Information supplied Start Marker

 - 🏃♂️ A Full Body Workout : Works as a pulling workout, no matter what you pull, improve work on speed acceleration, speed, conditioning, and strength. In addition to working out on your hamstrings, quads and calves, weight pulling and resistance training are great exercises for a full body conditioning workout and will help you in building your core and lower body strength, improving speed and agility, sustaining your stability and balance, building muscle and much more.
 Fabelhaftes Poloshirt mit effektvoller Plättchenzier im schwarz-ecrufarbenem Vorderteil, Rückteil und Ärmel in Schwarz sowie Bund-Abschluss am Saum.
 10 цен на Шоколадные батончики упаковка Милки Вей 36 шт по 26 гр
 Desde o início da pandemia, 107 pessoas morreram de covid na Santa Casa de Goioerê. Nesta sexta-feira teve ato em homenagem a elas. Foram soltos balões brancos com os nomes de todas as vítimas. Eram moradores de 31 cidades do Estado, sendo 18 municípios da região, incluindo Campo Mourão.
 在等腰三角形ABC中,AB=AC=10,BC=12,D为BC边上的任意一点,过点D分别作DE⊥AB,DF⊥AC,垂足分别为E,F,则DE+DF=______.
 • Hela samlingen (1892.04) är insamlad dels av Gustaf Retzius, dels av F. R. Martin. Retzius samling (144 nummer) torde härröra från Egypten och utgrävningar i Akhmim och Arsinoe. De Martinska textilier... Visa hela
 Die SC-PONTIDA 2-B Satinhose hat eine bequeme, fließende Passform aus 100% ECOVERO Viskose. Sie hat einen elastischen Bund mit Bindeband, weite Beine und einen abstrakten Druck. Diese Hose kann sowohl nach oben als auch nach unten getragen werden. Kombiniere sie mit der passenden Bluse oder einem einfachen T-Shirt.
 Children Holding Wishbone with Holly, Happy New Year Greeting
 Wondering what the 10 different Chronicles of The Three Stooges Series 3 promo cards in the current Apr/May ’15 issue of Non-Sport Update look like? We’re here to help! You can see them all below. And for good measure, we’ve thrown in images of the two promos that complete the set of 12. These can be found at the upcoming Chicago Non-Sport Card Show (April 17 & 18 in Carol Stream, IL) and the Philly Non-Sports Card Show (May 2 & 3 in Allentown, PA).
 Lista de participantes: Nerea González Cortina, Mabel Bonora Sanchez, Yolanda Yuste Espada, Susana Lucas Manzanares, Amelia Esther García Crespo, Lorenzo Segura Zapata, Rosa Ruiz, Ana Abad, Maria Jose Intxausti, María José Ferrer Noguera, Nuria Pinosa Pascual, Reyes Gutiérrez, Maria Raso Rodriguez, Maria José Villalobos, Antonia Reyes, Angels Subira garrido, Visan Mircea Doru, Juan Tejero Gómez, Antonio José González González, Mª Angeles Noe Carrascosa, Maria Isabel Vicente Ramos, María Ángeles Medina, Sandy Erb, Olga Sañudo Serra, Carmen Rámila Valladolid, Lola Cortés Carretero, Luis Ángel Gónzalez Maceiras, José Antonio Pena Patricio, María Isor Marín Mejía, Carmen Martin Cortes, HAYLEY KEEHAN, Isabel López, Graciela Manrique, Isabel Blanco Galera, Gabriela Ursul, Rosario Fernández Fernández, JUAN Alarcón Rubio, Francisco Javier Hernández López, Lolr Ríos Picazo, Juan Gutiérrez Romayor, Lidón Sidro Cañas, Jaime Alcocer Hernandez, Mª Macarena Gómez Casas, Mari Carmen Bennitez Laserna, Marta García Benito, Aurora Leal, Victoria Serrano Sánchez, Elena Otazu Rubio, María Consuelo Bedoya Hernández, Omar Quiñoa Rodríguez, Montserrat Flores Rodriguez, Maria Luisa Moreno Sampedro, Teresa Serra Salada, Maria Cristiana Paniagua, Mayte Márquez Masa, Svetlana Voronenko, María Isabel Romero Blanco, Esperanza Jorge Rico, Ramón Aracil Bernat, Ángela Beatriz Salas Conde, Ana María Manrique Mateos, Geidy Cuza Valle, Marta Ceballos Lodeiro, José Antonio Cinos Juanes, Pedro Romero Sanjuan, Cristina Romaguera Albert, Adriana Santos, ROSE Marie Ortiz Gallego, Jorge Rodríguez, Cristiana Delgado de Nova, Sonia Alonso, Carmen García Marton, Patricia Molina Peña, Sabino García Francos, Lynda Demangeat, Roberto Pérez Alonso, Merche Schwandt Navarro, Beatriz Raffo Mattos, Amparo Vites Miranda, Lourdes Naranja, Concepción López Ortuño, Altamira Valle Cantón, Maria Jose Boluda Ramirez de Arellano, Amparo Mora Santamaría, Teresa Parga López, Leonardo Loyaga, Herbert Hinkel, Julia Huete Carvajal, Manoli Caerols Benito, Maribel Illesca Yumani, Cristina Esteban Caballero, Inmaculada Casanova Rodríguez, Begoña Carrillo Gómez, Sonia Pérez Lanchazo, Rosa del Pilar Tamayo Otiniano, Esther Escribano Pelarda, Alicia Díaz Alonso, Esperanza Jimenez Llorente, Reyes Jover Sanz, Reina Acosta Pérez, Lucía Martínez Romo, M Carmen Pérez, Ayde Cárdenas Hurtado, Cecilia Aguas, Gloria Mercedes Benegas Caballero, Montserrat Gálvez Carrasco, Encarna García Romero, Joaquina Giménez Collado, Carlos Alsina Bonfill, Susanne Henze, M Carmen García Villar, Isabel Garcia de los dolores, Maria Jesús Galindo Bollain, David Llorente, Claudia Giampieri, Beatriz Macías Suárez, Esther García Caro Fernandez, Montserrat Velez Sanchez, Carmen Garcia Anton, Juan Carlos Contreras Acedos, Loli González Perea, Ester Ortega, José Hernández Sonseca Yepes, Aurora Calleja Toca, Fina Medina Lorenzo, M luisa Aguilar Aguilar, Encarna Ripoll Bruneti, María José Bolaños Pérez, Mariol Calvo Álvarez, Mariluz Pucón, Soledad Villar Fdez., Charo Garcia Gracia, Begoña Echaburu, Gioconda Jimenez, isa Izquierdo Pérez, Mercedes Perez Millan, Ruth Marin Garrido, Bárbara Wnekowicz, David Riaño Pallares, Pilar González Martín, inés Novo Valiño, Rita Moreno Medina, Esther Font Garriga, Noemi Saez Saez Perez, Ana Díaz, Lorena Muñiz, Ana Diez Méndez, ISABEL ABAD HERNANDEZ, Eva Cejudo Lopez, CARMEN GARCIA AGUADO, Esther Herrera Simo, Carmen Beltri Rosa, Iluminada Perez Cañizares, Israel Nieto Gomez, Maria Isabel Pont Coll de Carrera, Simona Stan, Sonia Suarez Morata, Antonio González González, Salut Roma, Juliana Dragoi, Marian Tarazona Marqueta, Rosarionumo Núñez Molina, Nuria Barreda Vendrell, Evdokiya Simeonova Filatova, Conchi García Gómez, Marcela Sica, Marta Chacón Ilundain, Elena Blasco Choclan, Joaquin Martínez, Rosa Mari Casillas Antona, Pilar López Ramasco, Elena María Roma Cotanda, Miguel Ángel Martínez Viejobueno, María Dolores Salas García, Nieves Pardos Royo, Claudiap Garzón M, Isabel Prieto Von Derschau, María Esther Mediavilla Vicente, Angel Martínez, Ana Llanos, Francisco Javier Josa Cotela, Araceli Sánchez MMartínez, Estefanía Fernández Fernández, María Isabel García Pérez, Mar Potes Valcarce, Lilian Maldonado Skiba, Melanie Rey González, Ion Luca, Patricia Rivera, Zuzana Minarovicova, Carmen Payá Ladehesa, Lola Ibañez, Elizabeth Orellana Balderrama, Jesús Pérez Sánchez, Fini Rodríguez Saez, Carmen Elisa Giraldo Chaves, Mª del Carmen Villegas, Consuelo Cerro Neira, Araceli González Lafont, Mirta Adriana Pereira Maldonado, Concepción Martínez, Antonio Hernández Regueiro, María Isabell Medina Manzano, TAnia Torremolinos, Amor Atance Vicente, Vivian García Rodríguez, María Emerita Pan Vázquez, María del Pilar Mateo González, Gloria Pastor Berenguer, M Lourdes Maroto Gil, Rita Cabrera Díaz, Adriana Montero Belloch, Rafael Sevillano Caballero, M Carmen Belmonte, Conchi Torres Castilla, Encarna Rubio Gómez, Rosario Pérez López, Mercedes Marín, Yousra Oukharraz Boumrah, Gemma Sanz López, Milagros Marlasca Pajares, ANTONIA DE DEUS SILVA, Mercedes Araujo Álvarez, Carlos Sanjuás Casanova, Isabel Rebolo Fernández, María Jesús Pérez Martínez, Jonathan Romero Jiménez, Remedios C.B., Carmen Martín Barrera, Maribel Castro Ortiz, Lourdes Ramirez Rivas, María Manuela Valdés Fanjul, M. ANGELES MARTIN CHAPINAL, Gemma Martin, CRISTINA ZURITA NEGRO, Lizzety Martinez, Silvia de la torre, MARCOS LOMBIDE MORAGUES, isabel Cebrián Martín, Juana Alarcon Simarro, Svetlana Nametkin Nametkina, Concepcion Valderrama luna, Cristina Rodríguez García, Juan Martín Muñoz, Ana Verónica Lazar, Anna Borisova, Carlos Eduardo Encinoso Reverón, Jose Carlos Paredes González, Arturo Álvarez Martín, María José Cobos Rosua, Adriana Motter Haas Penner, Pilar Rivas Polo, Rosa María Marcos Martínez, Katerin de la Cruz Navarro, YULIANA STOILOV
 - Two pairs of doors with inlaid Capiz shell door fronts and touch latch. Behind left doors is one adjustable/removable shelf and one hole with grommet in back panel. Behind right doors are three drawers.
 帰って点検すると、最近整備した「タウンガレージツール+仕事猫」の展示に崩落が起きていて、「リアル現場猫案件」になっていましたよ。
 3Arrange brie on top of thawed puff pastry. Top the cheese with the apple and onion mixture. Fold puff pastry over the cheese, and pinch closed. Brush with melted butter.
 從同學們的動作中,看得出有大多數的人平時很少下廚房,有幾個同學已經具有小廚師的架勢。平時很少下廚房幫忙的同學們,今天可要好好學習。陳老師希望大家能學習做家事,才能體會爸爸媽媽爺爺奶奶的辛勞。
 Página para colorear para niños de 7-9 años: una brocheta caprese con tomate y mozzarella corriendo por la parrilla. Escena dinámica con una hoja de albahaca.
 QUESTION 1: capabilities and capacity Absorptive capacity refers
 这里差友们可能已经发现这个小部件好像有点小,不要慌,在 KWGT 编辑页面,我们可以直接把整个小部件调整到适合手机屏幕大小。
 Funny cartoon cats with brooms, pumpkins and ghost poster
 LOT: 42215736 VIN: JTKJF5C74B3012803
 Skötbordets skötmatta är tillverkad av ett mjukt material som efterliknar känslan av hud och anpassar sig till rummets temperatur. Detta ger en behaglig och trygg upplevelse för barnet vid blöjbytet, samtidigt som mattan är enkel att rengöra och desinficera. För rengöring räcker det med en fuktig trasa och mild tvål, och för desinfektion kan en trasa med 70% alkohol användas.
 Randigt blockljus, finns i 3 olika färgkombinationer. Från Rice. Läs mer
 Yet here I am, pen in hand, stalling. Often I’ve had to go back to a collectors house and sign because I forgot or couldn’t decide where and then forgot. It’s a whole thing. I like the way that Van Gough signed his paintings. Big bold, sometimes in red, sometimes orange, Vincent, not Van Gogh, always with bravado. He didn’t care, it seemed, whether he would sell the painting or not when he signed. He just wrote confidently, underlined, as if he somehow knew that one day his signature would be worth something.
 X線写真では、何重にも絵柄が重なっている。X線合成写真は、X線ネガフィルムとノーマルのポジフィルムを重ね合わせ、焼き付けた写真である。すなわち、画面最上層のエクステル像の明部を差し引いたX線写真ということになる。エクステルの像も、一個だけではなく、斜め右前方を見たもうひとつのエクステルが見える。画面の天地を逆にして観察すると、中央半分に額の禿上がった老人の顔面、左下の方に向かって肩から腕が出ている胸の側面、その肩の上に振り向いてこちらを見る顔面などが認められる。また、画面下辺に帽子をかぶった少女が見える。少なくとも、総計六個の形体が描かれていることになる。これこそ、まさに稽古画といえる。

Information supplied End Marker

## Aim of the task
Lines above with the word "Bund" should be counted, and the reply is that count alone.

## Problem solution
2